DR実施時に知識情報を活用
一方,東芝テックがナレッジ情報の活用を始めたのは,同じような問題が形を変えて繰り返し発生している,という危機感だった。同社も,当初は既存の情報を設計者全員からアクセスしやすくするところから取り組みを開始。複写機(同社の製品)の部位別に組織された設計グループがそれぞれ独立に管理していた,問題発生や対策実施の記録や報告書を,横断的に検索できるツールを導入した。
しかし経験の浅い設計者にとっては,どれが重要な情報か判断できない。報告書などには問題の発生から原因究明,対策実施までの一部始終が書いてあるが,設計者が現在取り組んでいる問題に関係がある内容なのかどうか,全部読まなければ分からないためだ。ベテラン設計者であれば勘も働くが,若手設計者には無理だった。
このため,ナレッジマネジメントの導入を検討。設計者に伝えるべき,役に立つ情報のみを選別して整理することを考えた。しかしそれでも,再発防止までがせいぜいで,その情報をそしゃくして未然防止に使うのは難しいと思われた。ナマの事例情報は一般性がなく,その事例と少しでも異なった状況に応用することは困難なためだ。
そこで東芝テックは,SSM理論に注目した。報告書からエッセンスを取り出して,主な要素(どんな不具合か,どんな状況で発生したか,なぜ発生したか)がすぐ分かるようにしておけば,設計者が自分に関係ありそうな情報かどうかすぐ分かる。さらに,分野や設計部位が異なる問題でも,要素が共通する状況であれば,情報を応用できるようになるはずと考えたのである(図5)。

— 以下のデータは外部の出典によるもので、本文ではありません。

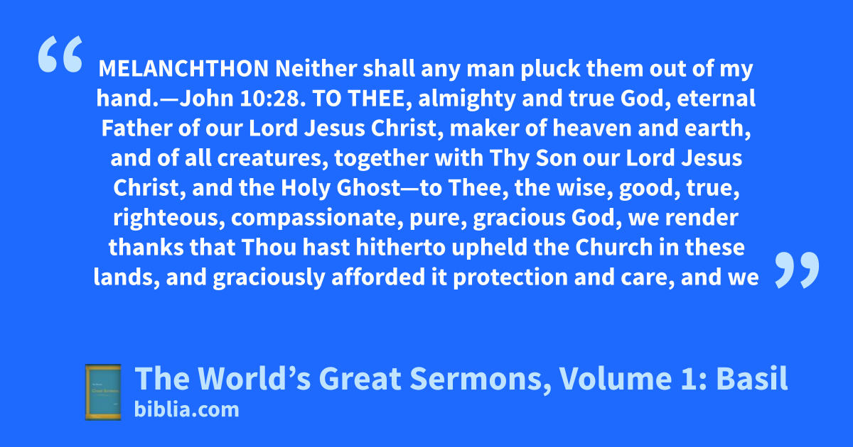 MELANCHTHON Neither shall any man pluck them out of my hand.—John 10:28. TO THEE, almighty and true God, eternal Father of our Lord Jesus Christ, maker of heaven and earth, and of all creatures, together with Thy Son our Lord Jesus Christ, and the Holy Ghost—to Thee, the wise, good, true, righteous, compassionate, pure, gracious God, we render thanks that Thou hast hitherto upheld the Church in these lands, and graciously afforded it protection and care, and we

「このようなことを以前から指向していたが,システムを自分で開発するのも困難なため,適した市販ツールがないか探していたところだった」(東芝テックドキュメントシステム事業本部設計第1技術部の縫田昭氏)。そこで目に留まったのが,SSM理論とそれに基づくツールだったのである。
一部の情報から知識化を開始
東芝テックでは現在,一部の不具合情報から知識化を開始するとともに,設計者が参照できるシステムの運用の試行を始めた。最初に知識化の対象に選んだのは,比較的大きな問題でさまざまな切り口があるもの,そして関連資料が多く存在し,社内の設計者が覚えている問題という。「設計者からはまずまず好評なので,知識化作業を継続することにしている」(縫田氏)。